What is the procedure to offer securities?
The procedure will depend on whether the issuer wishes to offer to sell securities, after registering them at the Securities Commission, through a public or a private offer. The following will touch upon the definition and legal requirements of both types of offering securities:
1. Public Offer
The public offer is the offer to sell securities to more than thirty persons.
Legal requirements for a public offer:
The Securities Law provides that no person shall make a public offer unless a prospectus is filed with the Securities Commission, together with all the information and data which enables investors to make their investment decision. An announcement approved by the Securities Commission of the prospectus shall be made public through two local daily newspapers.
The prospectus must be prepared by a licensed underwriter and, for disclosure purposes, shall include copies of the following:
1. Any agreement or agreements concluded with the underwriter;
2. A legal opinion in respect to the legality of the issue;
3. The issuer’s Memorandum of Association if the issuer is a public shareholding company or a private shareholding company, and a copy of its articles of association and any other documents relevant to the company;
4. If the issuer is a limited liability company, the documents pursuant to which the company was established or declared;
5. If the Issuer is a partnership or any other form of organization, the articles of partnership or association and any other papers pertaining to its organization, and a copy of the underlying agreements or indentures affecting any stock, bonds, or debentures offered or to be offered;
6. All contracts that contain substantial facts; and
7. The agreements concluded between the issuer, the payment agent, and the custodian of the securities subject to the offer.
The prospectus is deemed to be effective thirty days after its submission to the Securities Commission.
It is worth mentioning that the Securities Commission may grant exemptions from submitting a prospectus in any of the following cases:
a) If the number of investors, to which the public offer is made, is limited, and the investors are capable of assessing and bearing the investment risks (sophisticated investors); or
b) If the funds intended to be raised by the offer are limited; or
c) If the disclosure submitted to the investors is accurate and sufficient to be considered as a substitute for the prospectus.
2. Private Offer
The private offer is the offer to sell securities to thirty persons or less.
Legal requirements for a private offer: The Securities Law does not require issuers offering securities through a private offer to submit a prospectus, however the relevant directives provide that the issuer must submit all the documents relating to the issue of securities including the required approvals and decisions; therefore, in practice underwriters prepare an information memorandum, that serves as a prospectus; disclosing to the investors all needed information that would help making their decision.
The relevant directives also provide that an issuer offering securities through a private offer must announce such offer in two local daily newspapers at least twice, and include the data and information relating to the issue, the value of the issue and the parties to whom the offer is made.

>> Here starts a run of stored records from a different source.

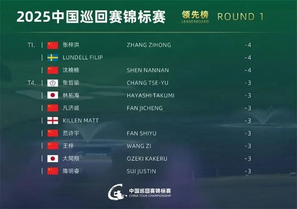 摘要:北京时间12月18日,2025中国巡回赛锦标赛在广州南沙高尔夫球会正式拉开战幕。在这场年度收官大戏的首轮较量中,球员们上演了一场精彩的“混战”。中国球员沈楠楠、张梓洪与瑞典选手LUNDELLFilip同交66杆(-4),三人并列领跑积分榜。身后是一个庞大的追赶集团——包括凡济诚、范诗宇、王梓、隋明睿...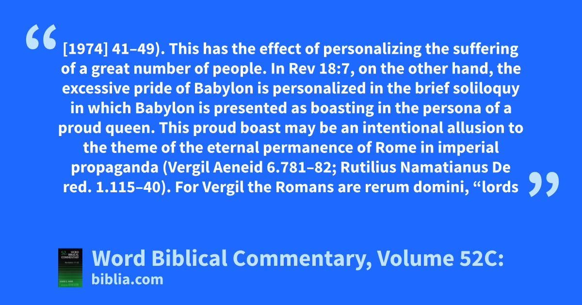 [1974] 41–49). This has the effect of personalizing the suffering of a great number of people. In Rev 18:7, on the other hand, the excessive pride of Babylon is personalized in the brief soliloquy in which Babylon is presented as boasting in the persona of a proud queen. This proud boast may be an intentional allusion to the theme of the eternal permanence of Rome in imperial propaganda (Vergil Aeneid 6.781–82; Rutilius Namatianus De red. 1.115–40). For Vergil the Romans are rerum domini, “lords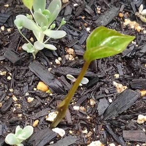 ムカゴを植えてみた やっと芽が出てきた 緑のカーテンになるのはいつ頃かなぁ タープ買った方が早いかなぁ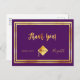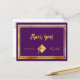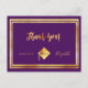 Ein Dankeschön für den Absolventen. Eine gürttlich lila Hintergrundfarbe und ein goldenes Imitat. Auf der Vorderseite ein handgeschriebenes Stil Skript und den Text: Danke! Absolvent, Jahr und Graduiertencap, Hut. Zurück: Personalisieren Sie Ihre Dankeschön Notiz und Name. Keine Hintergrundfarbe.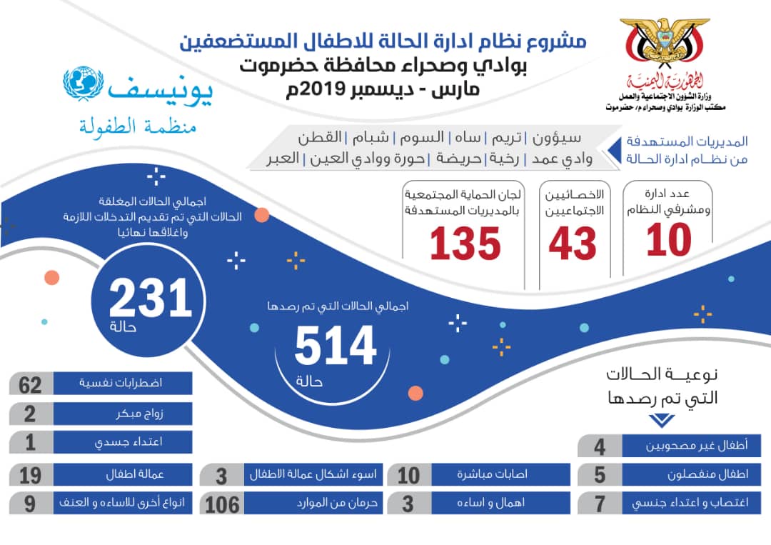 بتكلفة 5 مليون ريال (231) مستفيد من تدخلات نظام إدارة الحالة للاطفال المستضعفين بالوادي والصحراء لعام 2019م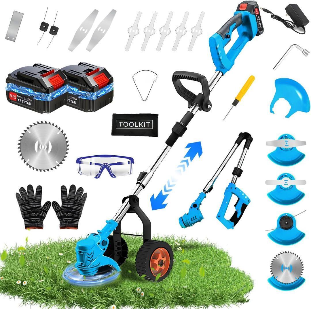 【2025新登場&強化版】充電式草刈り機 草刈り機 芝刈り機 コードレス 4種類の替刃 大容量バッテリー2個 18vマキタバッテリー互換 伸縮式 脱着式補助輪 一台多役電動草刈り機 伸縮&角度調整 補助ハンドル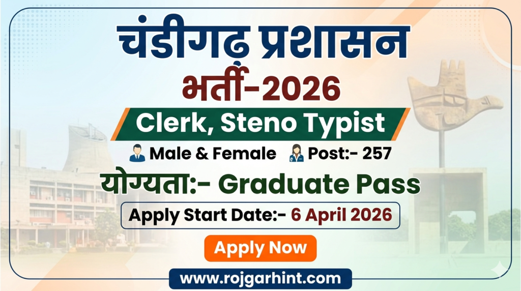 Chandigarh Administration Clerk Recruitment-2026: The Chandigarh Administration has released the latest new vacancy notification for the recruitment of 234 Clerks and 23 Steno-Typists in Chandigarh Administration under the Chandigarh Administration, Group C (Clerk and Steno Typist) (Common Cadre) (Ministerial) (Non-Gazetted) Recruitment Rules, 2026, on a regular basis. The Chandigarh Administration Clerk & Steno Typist Recruitment 2026 Notification has been released on 1 April 2026, and the online applications are invited from 6 April 2026. Other details of Chandigarh Administration Clerk & Steno Typist Recruitment 2026 will be updated here after the release of the detailed notification PDF on the official website. Right now, only a short notice has been released indicating the vacancy details and the start date.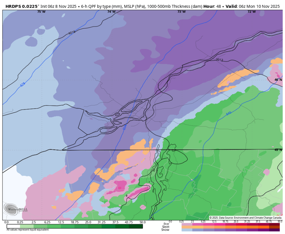 LE HRDPS 06 z @ son max et rien ne serait terminer. Les modèles HR de EC est dans une bonne bordée pour Montréal.- 10 réponses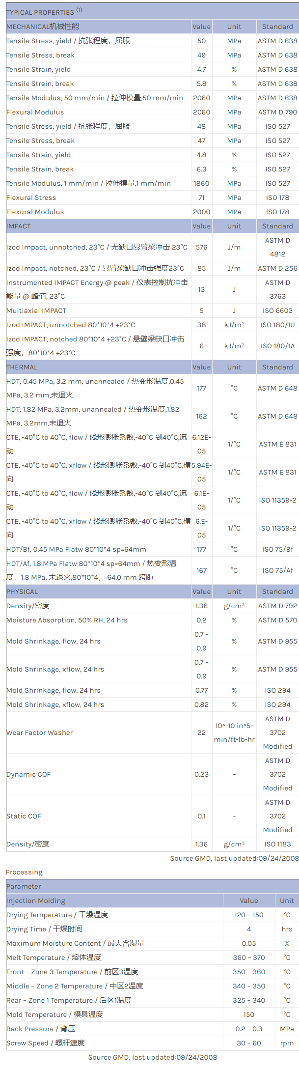 应用范围:产品描述LNP LUBRICOMP GL004物性表LNP LUBRICOMP GL004是一种聚砜(PSU)产品,可以通过注射成型进行加工。主要特性为:润滑。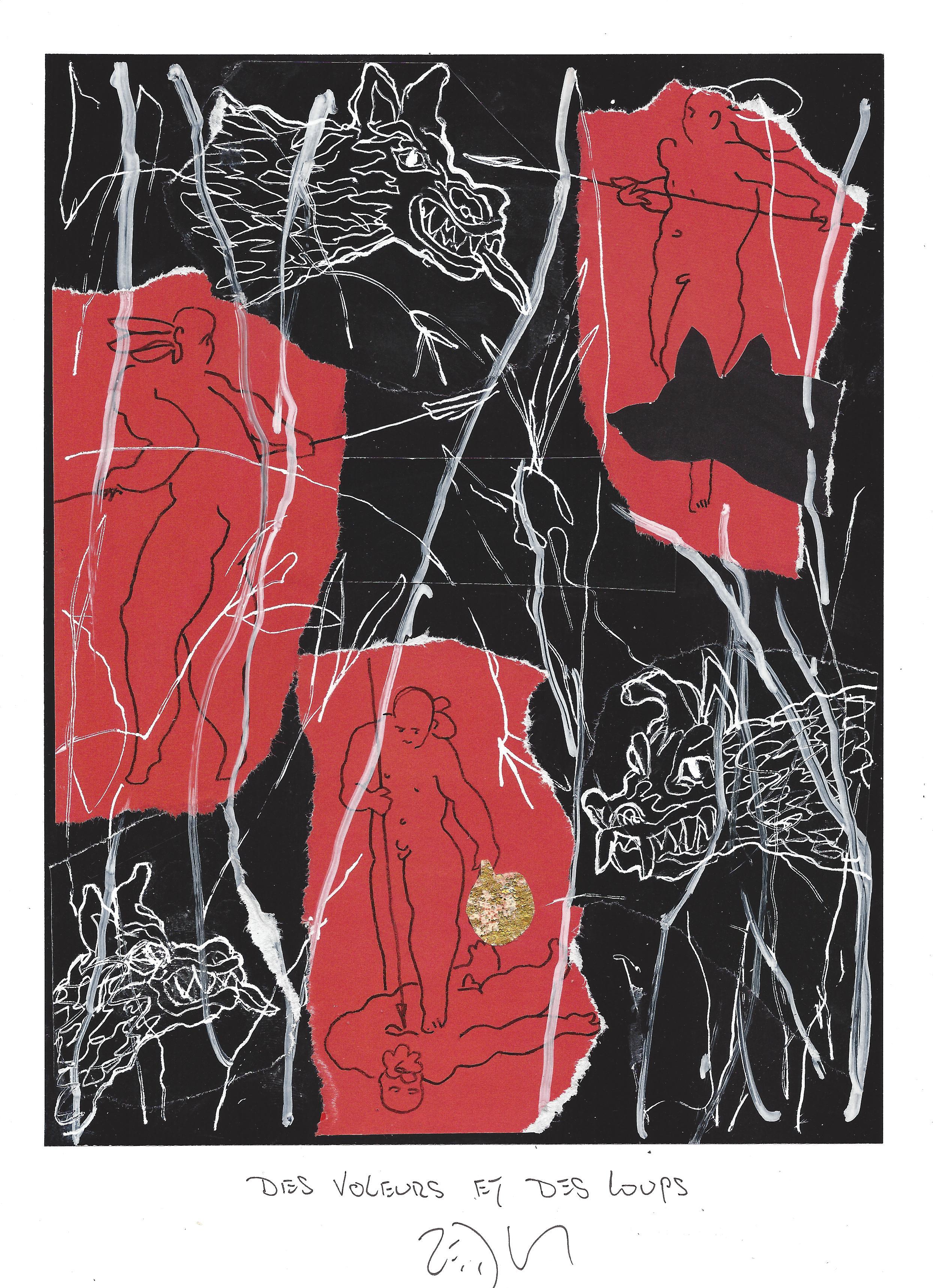 Drawing of the Day – 0847 – Dessin du jour « Thieves and wolves – Des voleurs et des loups » Mixed Media on Paper 8×12″ (21x30cm) Technique mixte sur Papier Drawing of the Day available for CDN$ 150 (125€) Dessin du jour disponible au prix de 125€ (150 $CAD)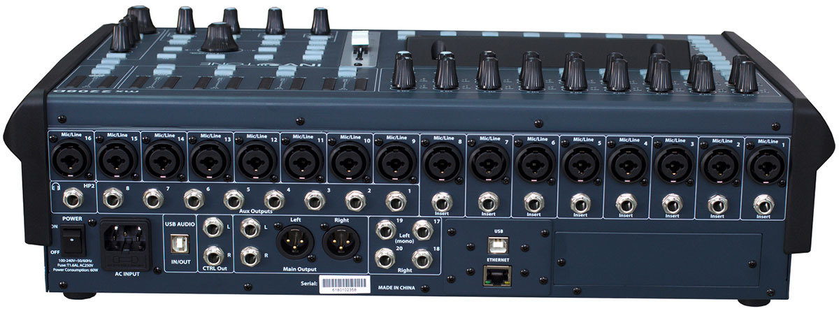 - 22 входа из них 16 универсальных XLR-JACK балансных входов с микрофонными предусилителями , 4 линейных входа, 2 USB разъема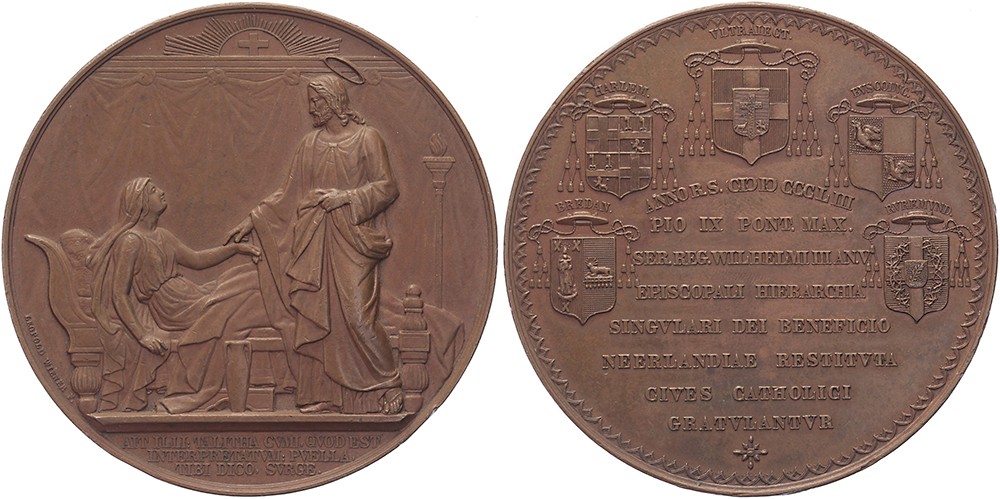 1853 Penning ter Herdenking van de Invoering der Bisschoppelijke Hiërarchie in Nederland en de instelling der vijf bisdommen. Antiek rustbed waarop de uit de doodslaap herrijzende dochter van Jairus. / De wapens der vijf bisdommen. Æ 60. Dirks 739. L. Wiener. Prachtig.

Penalties for violating the Securities Law
Offering to sell securities upon false or misleading information is a violation of the Securities Law. Penalties for violating The Securities Law range from a fine not exceeding one hundred thousand (100,000) Jordanian Dinars, in addition to a fine of not less than twice the amount, and not more than five times the amount, of profit made or loss avoided by the person committing the violation. Certain violations may also result in imprisonment for a term not exceeding three years. The penalties also include the right of any investor who incurs financial loss as a result of the violation to claim remedies for damages from the seller or the issuer violating the Securities Law.